With the fluctuation of system frequency, in electric automobile participates in frequency-modulating process, its battery will in time discharge and recharge, with sound System fm control signal is answered, so as to cause battery SOC to produce fluctuation.To prevent battery from overcharging, can limit the SOC upper limits as SOCmax.Equally, to avoid battery over-discharge, it is SOC that can limit SOC lower limitsmin.Limiting SOC lower limits SOCminWhen, if examining Consider the randomness of electric automobile main time of using cars and the requirement to vehicle continuation of the journey, then SOCminValue is larger;If not considering above-mentioned Factor, only for avoiding battery over-discharge, then SOCminValue is smaller.The fluctuation range of batteries of electric automobile SOC is in (SOCmin, SOCmax) between.

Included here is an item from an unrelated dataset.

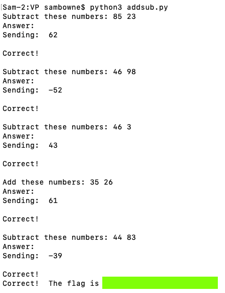Hint: Only connect once. If you connect five times, you'll always be solving the first challenge, and never see the flag.
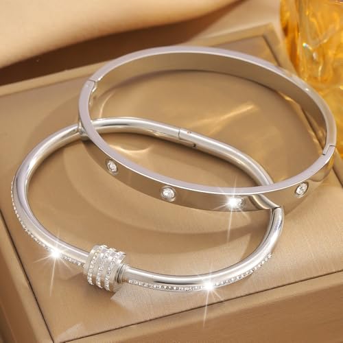 Material: Stainless Steel, CrystalMetal type: Stainless SteelClasp type: Fold OverChain type: Curb ChainGem type: Rhinestone【 Size - Love Bracelet Set 】Inner Circumference: 18CM (7 inches) Diameter:2.36“ x 1.97,Suitable for your wrist size from 5.7inches to 6.7 inches. Moreover, these silver stainless steel bracelets stack for women strike the perfect balance, neither too heavy nor too light, making them an ideal everyday accessory to infuse a touch of style into your ensemble. you can enjoy silver love bangles for years with virtually no maintenance and no worry about sensitive skin.【 Minimalist Design 】 Silver love bangle bracelet set for women feature charming designs, each bracelet can be worn individually or together with other bracelets or watches to create a sense of layering. A set of miniature love silver bangle stack for women and silver love bangle can provide more choices for your varied clothing matching.【 Easy to use 】 The dainty silver love bracelet with hidden clasp is simple and elegant and very easy to get on and off for women. Insert your index finger and pull the top part and use your thumb to push the bottom part. Another screw bracelet requires rotating upwards like a screw to open and downwards like a screw to close, making the bracelet more secure and less likely to fall off.【 Gift for Her 】 Exquisite and stylish, these bangle bracelets for women are a perfect symbol of elegance. Each bracelet is meticulously crafted with fine details, presenting a unique charm. They come accompanied by a attractive gift box, all set and primed to be bestowed as tokens of affection. These delicate yet eye-catching bracelets serve as ideal presents for the special women in your life - be it girlfriends, wives, mothers, grandmothers, or aunts. Whether it's Valentine's Day, birthdays, weddings, engagements, anniversaries, Thanksgiving, Christmas, or Mother's Day, these bracelets are bound to add a touch of glamour and sentiment to every precious occasion.【 After Sale Service 】 About this silver bracelet stack , If you have any questions about love bangle set, please do not hesitate to contact us at any time and we will respond within 24 business hours. Perfect for everyday use. finest materials and excellent craftsmanship ensure long-lasting durability.

Above-mentioned SOCmCan be calculated by formula (1).
Idle condition:
For switching to the electric automobile of charged state by controllable state, and the shorter electric automobile of power grid time is accessed, After the completion of its charging plan, idle condition is switched to by charged state.
Only it is in the electric automobile of controllable state, ability response system fm control signal, so as to participate in power system Frequency modulation.Therefore, it is necessary to initially set up the dynamic change simulation algorithm model of controllable electric automobile quantity.The a certain moment in region Controllable electric automobile quantity, depending on the electric automobile quantity for controllable state being carved into when this He go out controllable state.In the time In the range of, with the change of each electric automobile controllable state, controllable electric automobile quantity will show dynamic change in region Process.The change of controllable state is studied, the traveling rule that must just combine electric automobile is divided with State Transferring characteristic Analysis.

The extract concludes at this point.